World treasures go on-line in global digital library

24th April 2009, Comments 0 comments

Four years in the making, the World Digital Library offers free access to hundreds of books, manuscripts, maps, photographs and sound and film recordings, all considered world treasures.

Paris -- A global digital library allowing scholars and cybersurfers to scroll through such unique works as the 13th-century "Devil's Bible" and rare photos from the Ottoman empire was launched on Tuesday.

Four years in the making, the World Digital Library went on line (, offering free access to hundreds of books, manuscripts, maps, photographs and sound and film recordings, all considered world treasures.

The state-of-the-art educational tool promotes cultural understanding by showcasing "primary materials that are both interesting and important," said James Billington, from the US Library of Congress, who created the project.

The website operates in seven languages, with content in 40 languages, from mathematical texts in Arabic to the world's first novel, "The Tale of Genji" written in Japan in the 11th century.
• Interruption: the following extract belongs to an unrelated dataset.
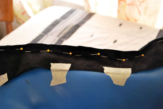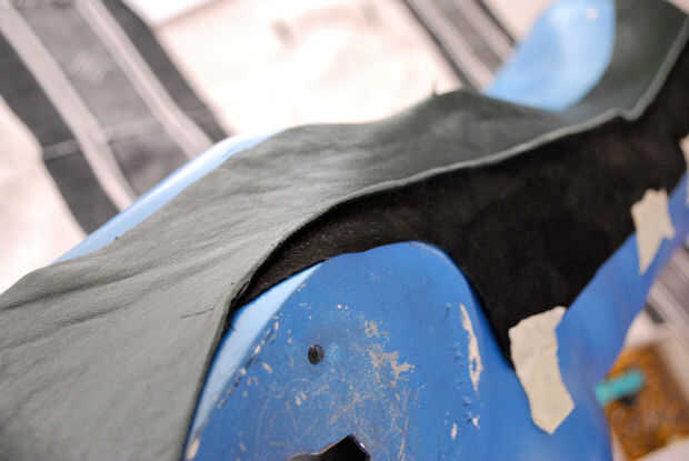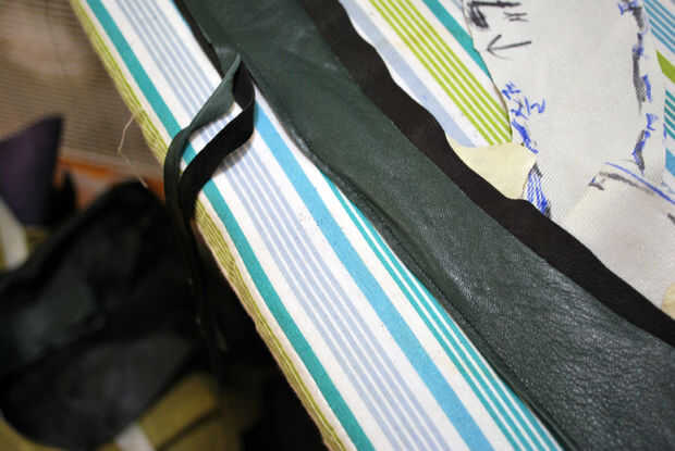 Al principio, traté de superponer mis costuras. Eso significaba tomar el ante, colocándola sobre el cuero verde y fijación hacia abajo. No ir sin problemas. El cuero es difícil de pin. Las grapas son una buena opción para la celebración de una sola pieza de cuero a otro, pero muestran los agujeros de grapa. Los agujeros de perno están un poco más pequeños, pero todavía la cicatriz del cuero. Y la piel verde no jugó bien con la cinta adhesiva. Probé con cinta hacia abajo y la cinta arrancó trozos de acabado liso.

"All of these materials have been vetted by curators and scholars so that they are dependable," Billington told a news conference at the Paris headquarters of UNESCO, the UN cultural agency that shepherded the project.
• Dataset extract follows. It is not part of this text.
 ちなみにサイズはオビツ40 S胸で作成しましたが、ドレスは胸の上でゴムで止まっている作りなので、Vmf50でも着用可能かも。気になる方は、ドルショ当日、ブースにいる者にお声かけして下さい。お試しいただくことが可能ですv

The site was developed by a team from the Library of Congress in Washington with assistance from Bibliotheca Alexandrina in Egypt.

Some 1,200 documents have been chosen for the initial phase, but the plan is to open up the library's doors and databases beyond the current 32 partner institutions from 19 countries.

"Part of the purpose is to bring together materials that have been widely scattered, into a single focus," Billington said.

The website is open to everyone -- scholars, teachers, historians -- but much focus is placed on reaching young minds who are exposed to Internet material of questionable quality, he added.

The content has been compiled from non-exclusive contributions from national libraries, many of which have put forward founding documents including oracle bone script from China, the "Devil's Bible" from Sweden and Hyakumanto Darani, a publication from the year 764 in Japan.

Photographs of lost empires -- the Ottomans, Tsarist Russia and Imperial China -- are offered for perusal while searches through timelines allows users to compare cultural works from a given period across the globe.

France contributed the world's first film footage from the pioneering Lumiere brothers in the late 19th century, and there is also the first recording of La Marseillaise, the national anthem.

The World Digital Library is the third knowledge society to be launched on the Internet, after Google Book Search and the EU's new project, Europeana.

Its content however is not limited to books, such as Google's website, and the website is more selective in its choice of content than Europeana by concentrating on documents of historical and cultural importance.

World Digital Library director John Van Oudenaren said the challenge was not finding content for the website, but deploying the technical capacity necessary to digitise the content.

"Our problem right now is gearing up to handle large amounts of content," said Van Oudenaren.

Major contributors to the World Digital Library are Brazil, Britain, China, France, Japan, Russia and the United States, with South Africa, Uganda and Mali putting up materials from Africa.

The project received funding from private donors including Google, Microsoft and several philanthropic foundations.